- [Data section]:
____

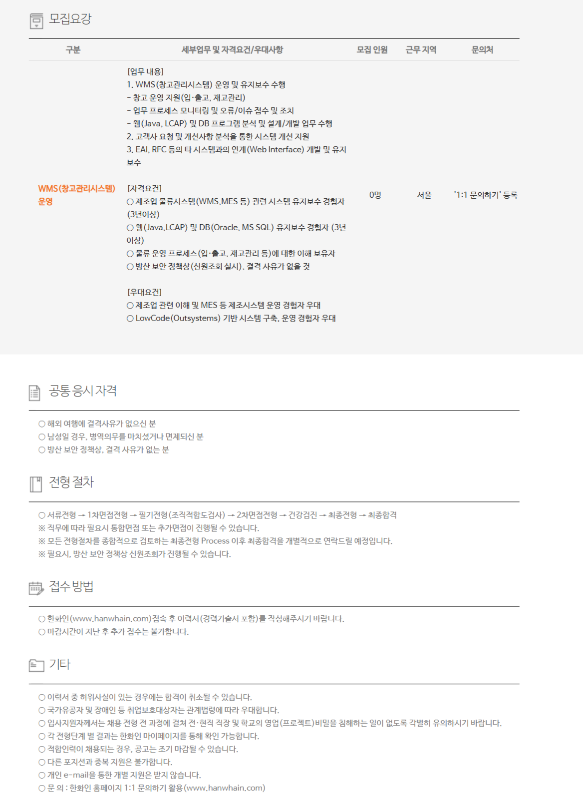 WMS(â°í°ü¸®½Ã½ºÅÛ) ¿î¿µ ´ã´çÀÚ °æ·Â»ç¿ø ä¿ë
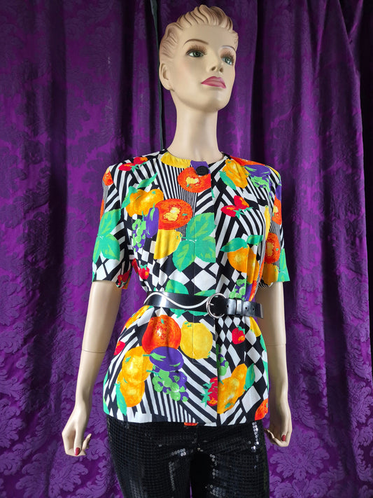 Vintage 1990s Bright Fruit & Op Art Print Jacket by Reldan
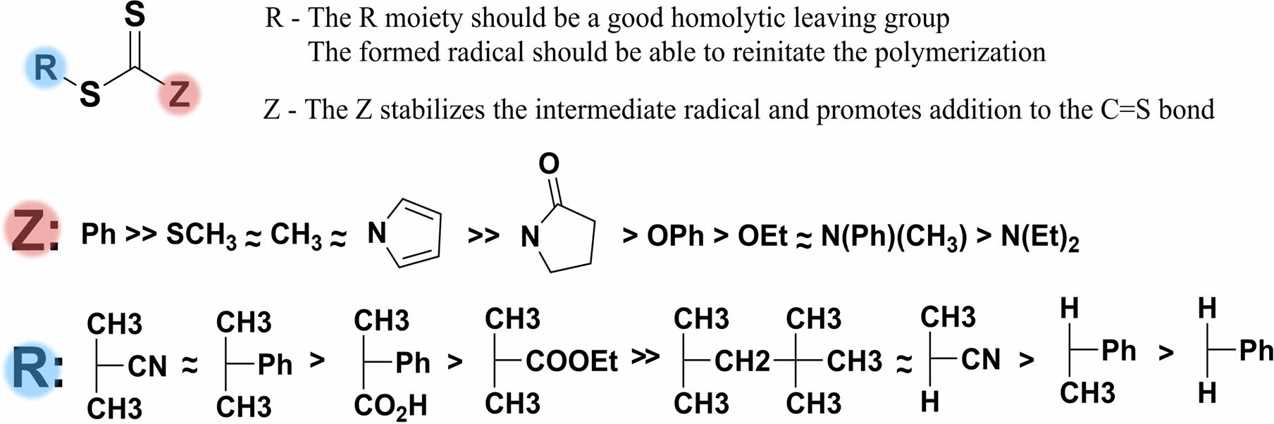 Figure 3 Representative substituents of RAFT agents and their reactivity. |
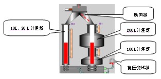 工作量器結構如圖1所示。工作量器分別為:10 L、20 L、100 L、300 L四種規格,可分別檢定相應標準容積的流量儀表。
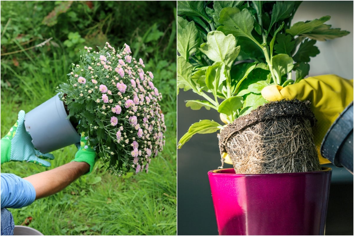 Garden center mums are often rootbound. If left as-is, they struggle to grow properly.
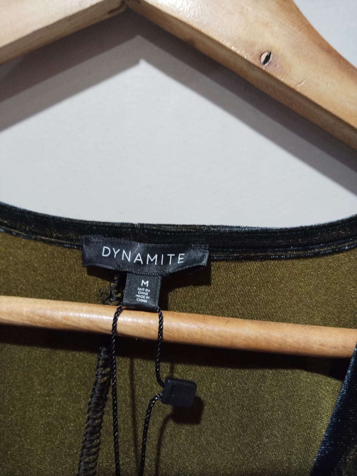 DYNAMITE|M|BUST 21|Dark Green Velvet Long Sleeve Bodysuit

____

- [Exercise aim]: Put down exactly the lines of the data above that run from its first line through the line bearing "Garden center mums", and no pictures.

- [The answer]:
 WMS(â°í°ü¸®½Ã½ºÅÛ) ¿î¿µ ´ã´çÀÚ °æ·Â»ç¿ø ä¿ë
 Vintage 1990s Bright Fruit & Op Art Print Jacket by Reldan
 Figure 3 Representative substituents of RAFT agents and their reactivity. |
 工作量器結構如圖1所示。工作量器分別為:10 L、20 L、100 L、300 L四種規格,可分別檢定相應標準容積的流量儀表。
 Garden center mums are often rootbound. If left as-is, they struggle to grow properly.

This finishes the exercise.